- Born: 25 March 2008 (age 18) Almaty, Kazakhstan
- Height: 6 ft 3 in (191 cm)
- Weight: 225 lb (102 kg; 16 st 1 lb)
- Position: Right wing
- Shoots: Left
- KHL team: Torpedo Nizhny Novgorod
- NHL draft: 26th overall, 2026 Montreal Canadiens
- Playing career: 2025–present

= Gleb Pugachyov =

Russian ice hockey player (born 2008)

Gleb Romanovich Pugachyov (Глеб Романович Пугачёв; born 25 March 2008) is a Russian-Kazakh professional ice hockey player who is a right winger for Torpedo Nizhny Novgorod of the Kontinental Hockey League (KHL).

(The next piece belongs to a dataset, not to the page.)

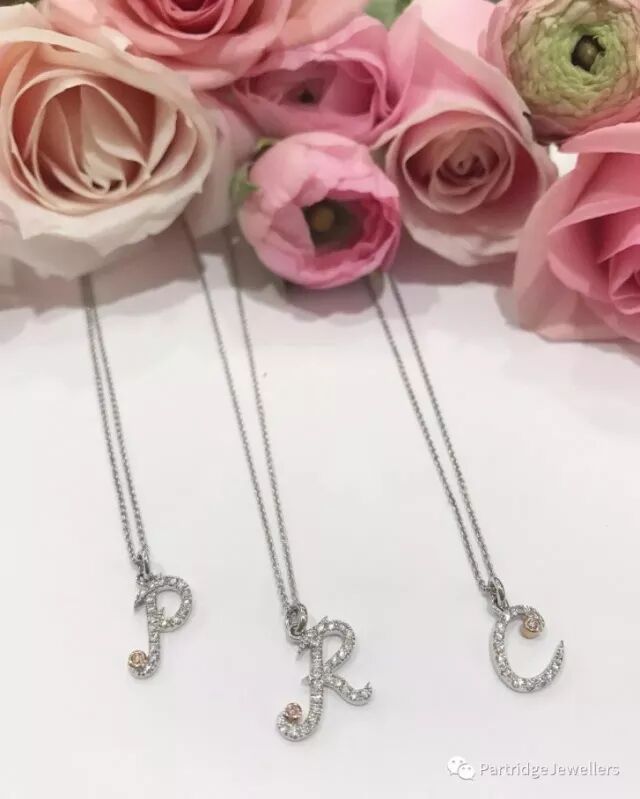 Partridge Jewellers “Letters of Love” 「爱之语」吊坠系列使用18K白金和玫瑰金,并镶嵌天然白钻与粉钻;选择爱人名字中的字母,透过独特设计的字母,在浪漫情人节给你爱的她送上最美丽的惊喜。

He was selected in the first round, 26th overall, by the Montreal Canadiens in the 2026 NHL entry draft.

==Playing career==
===Russia===
On 6 January 2026, Pugachyov made his professional debut at age 17 for Torpedo Nizhny Novgorod of the Kontinental Hockey League (KHL) amidst the 2025–26 season. Over the course of his rookie campaign, he registered two goals and one assist in 13 games played. He also contributed one goal and four assists in 15 games with Torpedo-Gorky Nizhny Novgorod of the All-Russian Hockey League (VHL), the country's second-highest professional league. Pugachyov likewise appeared in 33 games with Chaika Nizhny Novgorod of the Junior Hockey League (MHL) ranks, recording 24 points and was named as a league All-Star.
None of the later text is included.